* _Task details_: Ignore the pictures in the data below and set down exactly the lines from its first line through the line containing "Kaliteli ve şık, el".

* _Source material_:
--------------------

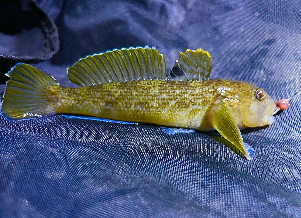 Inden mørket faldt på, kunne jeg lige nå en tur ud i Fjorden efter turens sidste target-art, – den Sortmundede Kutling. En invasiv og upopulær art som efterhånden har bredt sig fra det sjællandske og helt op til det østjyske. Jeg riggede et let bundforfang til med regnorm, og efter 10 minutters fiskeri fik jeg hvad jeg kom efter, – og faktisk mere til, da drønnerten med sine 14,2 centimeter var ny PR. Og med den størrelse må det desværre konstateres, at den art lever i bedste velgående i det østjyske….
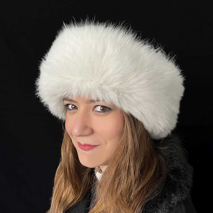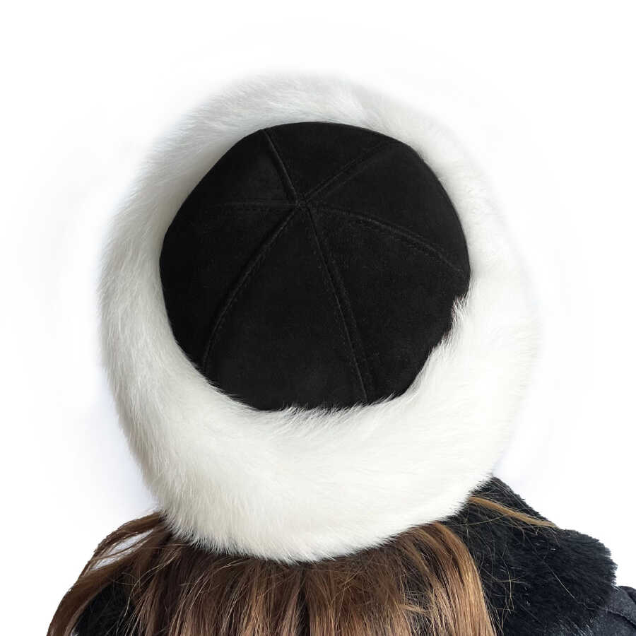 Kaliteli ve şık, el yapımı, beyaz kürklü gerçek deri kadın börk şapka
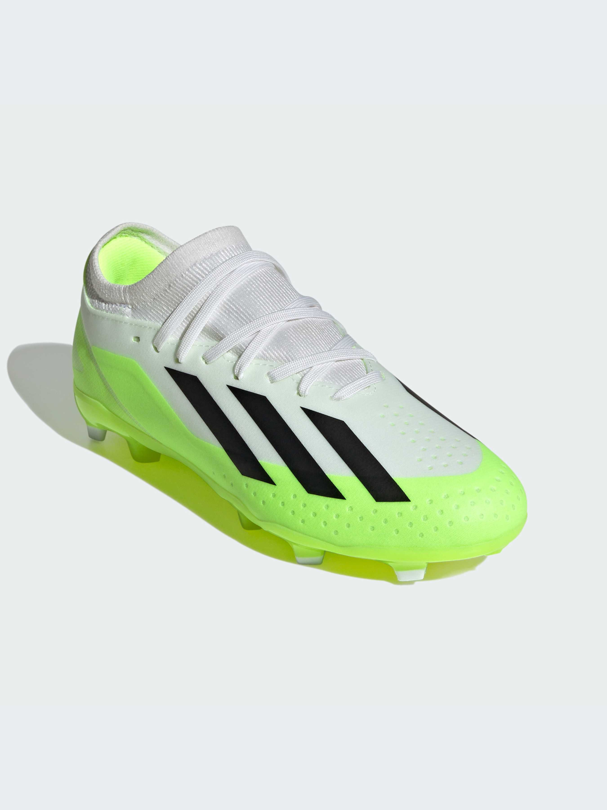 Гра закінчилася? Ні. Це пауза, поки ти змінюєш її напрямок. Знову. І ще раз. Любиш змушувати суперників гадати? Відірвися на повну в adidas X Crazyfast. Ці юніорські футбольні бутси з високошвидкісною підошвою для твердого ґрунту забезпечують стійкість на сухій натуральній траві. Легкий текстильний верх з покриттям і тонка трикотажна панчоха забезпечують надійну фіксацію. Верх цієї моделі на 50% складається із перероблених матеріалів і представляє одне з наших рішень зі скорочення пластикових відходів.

--------------------

* _Output of the exercise_:
 Inden mørket faldt på, kunne jeg lige nå en tur ud i Fjorden efter turens sidste target-art, – den Sortmundede Kutling. En invasiv og upopulær art som efterhånden har bredt sig fra det sjællandske og helt op til det østjyske. Jeg riggede et let bundforfang til med regnorm, og efter 10 minutters fiskeri fik jeg hvad jeg kom efter, – og faktisk mere til, da drønnerten med sine 14,2 centimeter var ny PR. Og med den størrelse må det desværre konstateres, at den art lever i bedste velgående i det østjyske….
 Kaliteli ve şık, el yapımı, beyaz kürklü gerçek deri kadın börk şapka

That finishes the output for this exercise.